The 25th novel featuring Silva’s legendary protagonist.
During his intersecting careers as art restorer and Israeli spy, Gabriel Allon has tangled with Russian gangsters and al-Qaida terrorists. He has become well-acquainted with operatives in multiple security agencies and befriended a paid assassin. He has busted art thieves and created passable forgeries by Renaissance masters and abstract Modernists. This latest installment centers around his relationship with the pope and a newly discovered painting by Leonardo da Vinci that has gone missing from the Vatican.
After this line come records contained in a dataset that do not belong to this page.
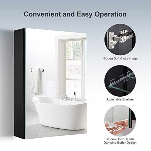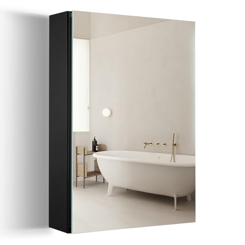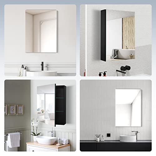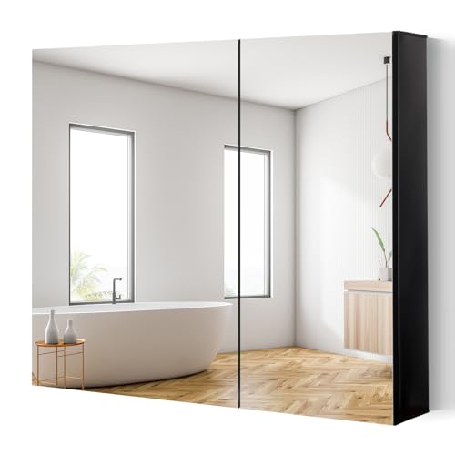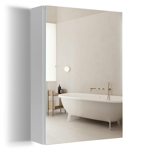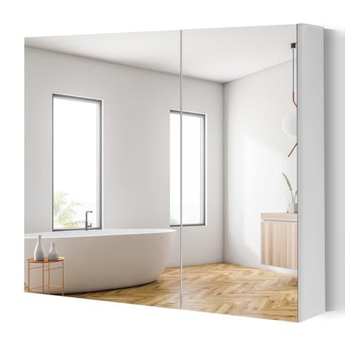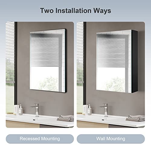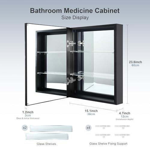 - Modern and Elegant Design:This medicine cabinet clean-lined, minimalist design medicine cabinet has a double mirror door design that brings a modern and elegant look to your home. Ideal for bathrooms or toilets, it blends perfectly with a variety of decorative styles. It can be installed both recessed or surface-mounted. Size:23.6 inch Height x15 Inch Width x 5 Inch depth. The cabinet weight is around 9.1kg / 20 pounds.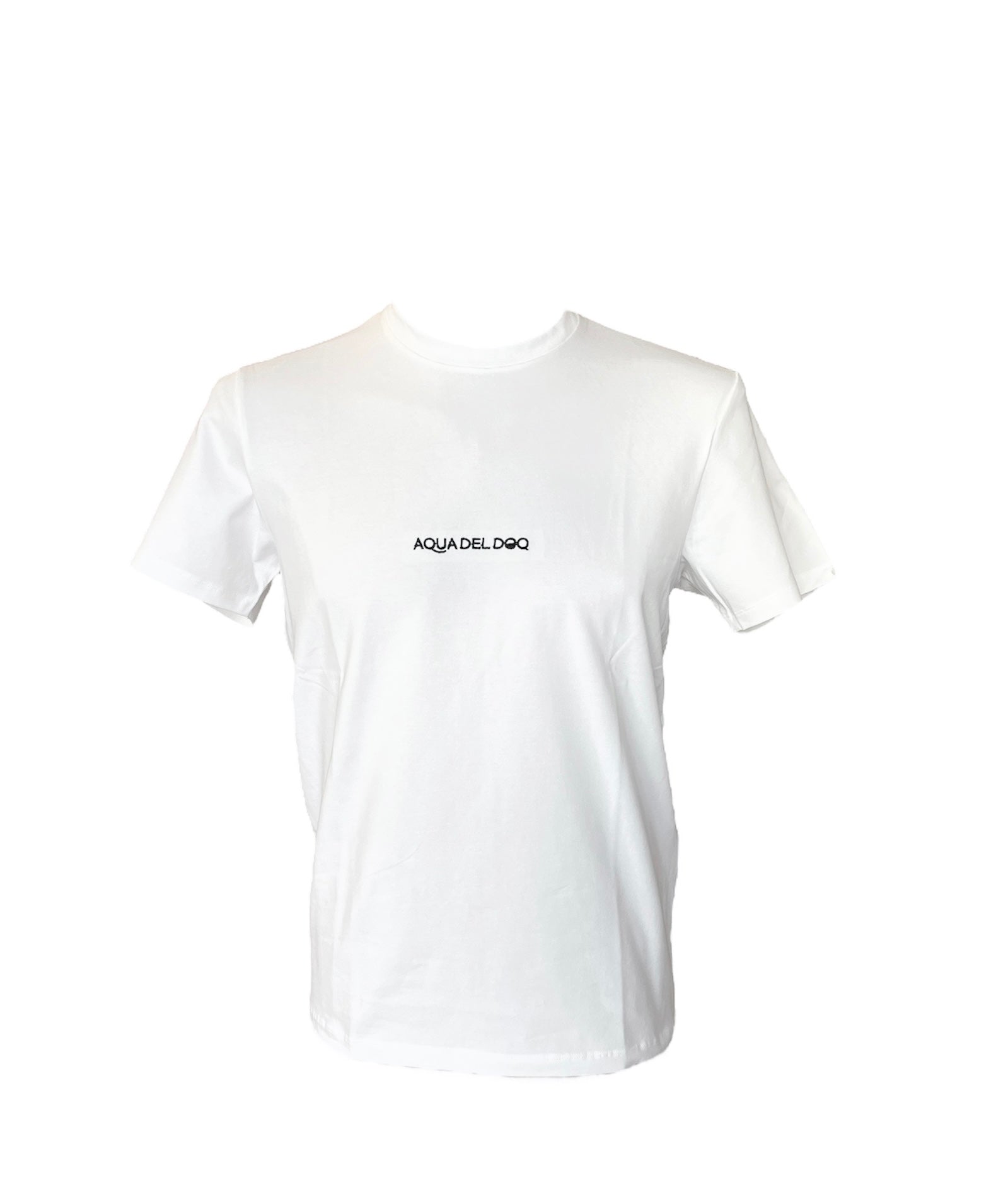 T-shirt em algodão, cor sólida básica, logótipo, gola redonda, manga curta.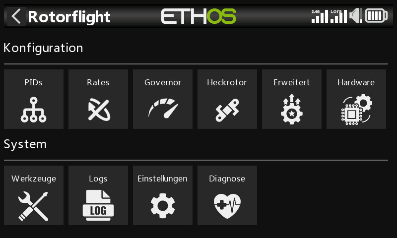 Softwareseitig wird das Vantec mit der vorinstallierten Rotorflight-Version 2.1 ausgeliefert. Da die Entwicklung bei Open-Source-Projekten jedoch rasant voranschreitet und die Community stetig Verbesserungen liefert, sollte man bei der Inbetriebnahme gleich die aktuelle Version auf dem System installieren. Die Aktualisierung auf die zum Testzeitpunkt aktuelle Version 2.2 erwies sich nach dem Anschluss an den PC als völlig unproblematisch und war binnen weniger Augenblicke erledigt. Der wohl größte Trumpf, den FrSky hier ausspielt, ist jedoch die nahtlose Einbindung in das eigene Ökosystem: Dank der Integration in die Ethos Suite lässt sich das Vantec bequem über eine Lua-Anwendung direkt im Sender konfigurieren. Damit wird der Sender zur vollwertigen Programmierbox, und Anpassungen auf dem Flugfeld lassen sich schnell und intuitiv erledigen, ohne dass zwingend ein Laptop ausgepackt werden muss.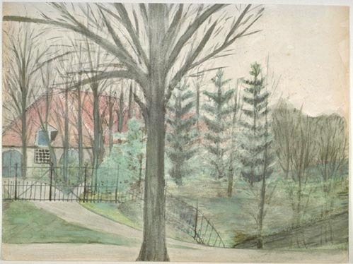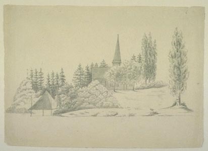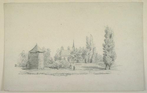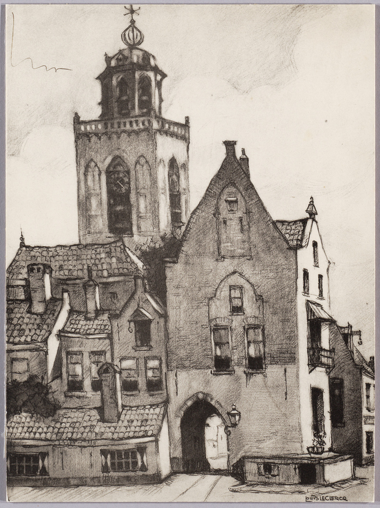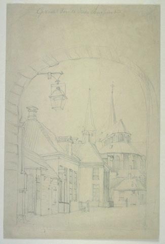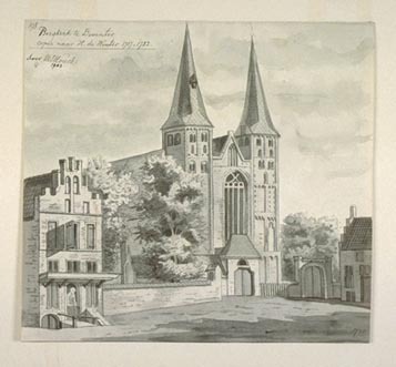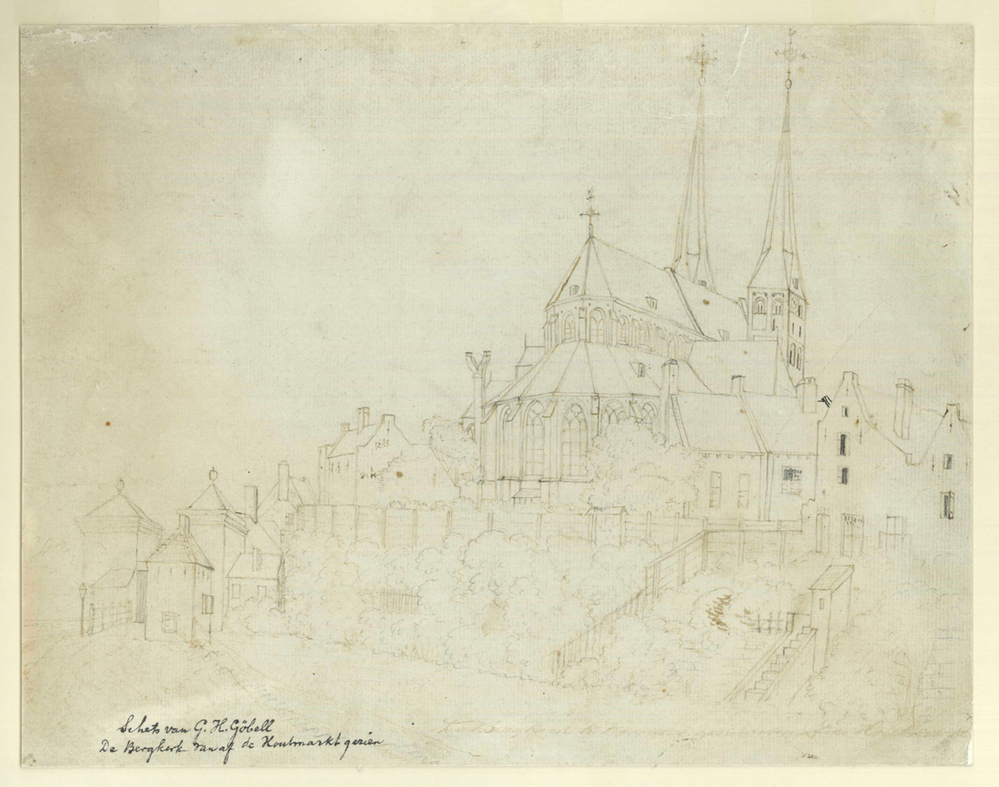 Zijaanzicht van de Bergkerk met op de voorgrond de t...

Silva’s novels tend to fall into two categories: books that reflect the politics of the day and books that don’t. His latest is one of the latter, which could be a treat for readers looking for escape, but it falls flat for a variety of reasons. Luxury has always been part of Gabriel Allon’s universe. It used to be an aspect of tradecraft, though. Allon would be wearing a very expensive suit and driving a very expensive car because he was posing as a client at a Swiss bank. Here, his wife is hosting a catered lunch for 150 of their daughter’s classmates in their apartment overlooking the Grand Canal in Venice. What once felt like a scintillating peek into the world of the obscenely wealthy now just feels…kind of obscene. Similarly, Allon goes chasing after a missing painting as a civilian—he retired from Mossad in Portrait of an Unknown Woman (2022)—the same way another man his age might buy a speedboat or get hair plugs. As the story progresses, the stakes are raised, but it’s hard to forget that Allon is now a middle-aged man pursuing a dangerous hobby, rather than a spymaster leading his intrepid team to prevent a disaster that will disrupt the global order.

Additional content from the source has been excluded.